Only the text should come through, so restate the listing exactly and drop its images.

(Data excerpt)
%%

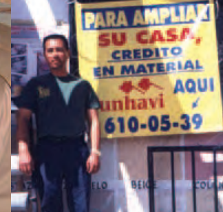
Fundación Hábitat y Vivienda / Mexico
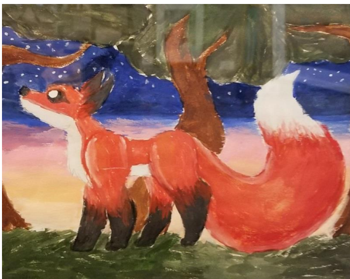
Kids' Art First Place: "Wilbur the Fox", watercolor, by Abby Deschon
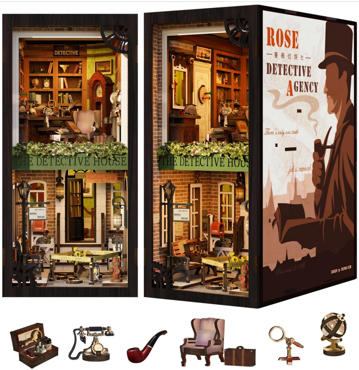
Image 1.1: The fully assembled Cutefun SZ02B DIY Book Nook Kit, showcasing the detailed Rose Detective Agency scene from multiple angles, along with miniature accessory pieces.

%%

(Answer area)
Fundación Hábitat y Vivienda / Mexico
Kids' Art First Place: "Wilbur the Fox", watercolor, by Abby Deschon
Image 1.1: The fully assembled Cutefun SZ02B DIY Book Nook Kit, showcasing the detailed Rose Detective Agency scene from multiple angles, along with miniature accessory pieces.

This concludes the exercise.